The development of artificial intelligence provided an unprecedented opportunity that enables VPs to engage in free conversations. From rule- based chatbots before 2000s to neural network-based intent-matching around 2010s to transformer based-large language models currently, the evolution has significantly enhanced the flexibility and sophistication of conversational agents (Al-Amin, 2024).

Objective:

The current study seeks to investigate the feasibility of utilizing a VP in training new and future clinicians. Specifically, despite the sophistication of VP technology, it still produces a substantial number of mistakes that impede the flow of conversation, sabotage therapeutic alliance, and interfere with research implementation, measurements, and educational effectiveness of the simulated interaction. Aims

Quantitatively measure the impact of technical errors in the conversation on therapeutic alliance perceived by the clinician
Explore whether such impact is moderated by the race of VP.

Hypotheses

The number of technical errors would be positively correlated with the rupture of therapeutic alliance and negatively corrected with perceived alliance.
Interviewing with Black Noah will exacerbate the damage of technical errors on therapeutic alliance.

Method:

The current study is a part of a larger study that utilizes VP to investigate the impact of racial bias on clinical judgement, therapy process on clinical interviewing and suicide risk assessment. The VP in the current study was developed based on Google Dialogflow, which is a natural language processing platform based on intent matching (Sabharwal & Agrawal, 2020). An extensive list of intents are created to comprehensively simulate Noah according to common aspects of inquiry in a diagnostic interview. Each intent is associated with a pre-scripted response, written by master-level research assistants and edited and approved by a psychologist with an expertise in suicide prevention. To improve realism, Noah respond in both text and voice. The voice and video are AI-generated and pre-recorded. There are two versions of Noah differed only by the video image: Black and White.

Results:

On average, the diagnostic interviews lasted 30.77 minutes (SD = 14.084), generated 15.3 questions without a matching intent (SD=10.431), and 11.37 questions with a nonsensical response (SD=7.729). The working together subscale, which is calculated by averaging its 5 items, centered around a neutral response of “somewhat” (m=4.062, SD=1.145). Similarly, the internal rupture impact score centered around “some negative impact” (m=4.400, SD=1.288).

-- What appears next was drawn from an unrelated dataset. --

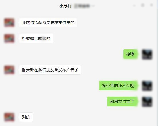 除了朋友圈里的怨聲載道,小編從其它微商朋友中也了解到,幾乎全部的供貨、發(fā)貨商都已在29日提前發(fā)布公告,稱不再接受微信轉賬,改用支付寶。“因為供貨幾乎都是萬元以上的交易。”之前的時候,即使微信轉賬2萬以上才收費,大家也都優(yōu)先微信,用完2萬額度以后再移步到支付寶。今后的話,“直接就全部用支付寶交易了。微信徹底免了。”做化妝品代購的小蘇說。

Preliminary correlational analysis (Peason’s r) revealed strongnegative correlation between the two outcome variables (see poster below). Yet they remained different enough to be tested as separate construal. There are substantial moderate to strong positive correlations among the predictors.

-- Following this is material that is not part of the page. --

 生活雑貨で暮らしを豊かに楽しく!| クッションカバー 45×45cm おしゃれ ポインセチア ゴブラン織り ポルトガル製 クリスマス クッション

Two regression analyses were conducted for aim 1 with 2 outcome (working together: R2=0.117, p=.022; internal rupture: R2=0.086, p=.106). Working together was significantly predicted by disruptive languages (β=-0.209, p=.018) and tech question (β=0.016, p=.021). As the perceived disruption in languages increases by 1 point out of 6 points, the average score for working together decreases by 0.209 point out 7-points. As the number of tech question increase by 1, the average score for working together increases by 0.016 point. The internal rupture was significantly predicted by disruptive languages (β=0.219, p=.040). As the perceived disruption in languages increases by 1 point, the rupture score increases by 0.219 out of 7 point.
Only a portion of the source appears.